Mixing times for Markov chains is an active area of research in modern probability and it lies at the interface of mathematics, statistical physics and theoretical computer science. The mixing time of a Markov chain is defined to be the time it takes to come close to equilibrium. There is a variety of techniques used to estimate mixing times, coming from probability, representation theory and spectral theory. In this mini course I will focus on probabilistic techniques and in particular, I will present some recent results (see references below) on connections between mixing times and hitting times of large sets.

**Prerequisites:**
It would be helpful to be familiar with Chapters 4(mixing definitions) and 12(spectral methods) from the book Mixing Times for Markov Chains by D. Levin, Y. Peres and E. Wilmer.

**Further reading:**

- David Aldous (1982).
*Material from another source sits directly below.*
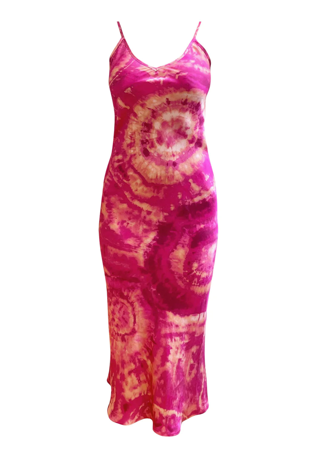 Rose Quartz Psychedelic Silk Slip Midi Dress

Some Inequalities for Reversible Markov Chains.
- R. Basu, J. Hermon and Y. Peres (2017). Characterization of cutoff for reversible Markov chains.
- S. Griffiths, R. J. Kang, R. Oliveira and V. Patel (2014). Tight inequalities among set hitting times in Markov chains.
- R. Oliveira (2012). Mixing and hitting times for finite Markov chains.
- Y. Peres and P. Sousi (2012). Mixing Times are Hitting Times of Large Sets.
- P. Sousi and P. Winkler (2014). Mixing Times and Moving Targets.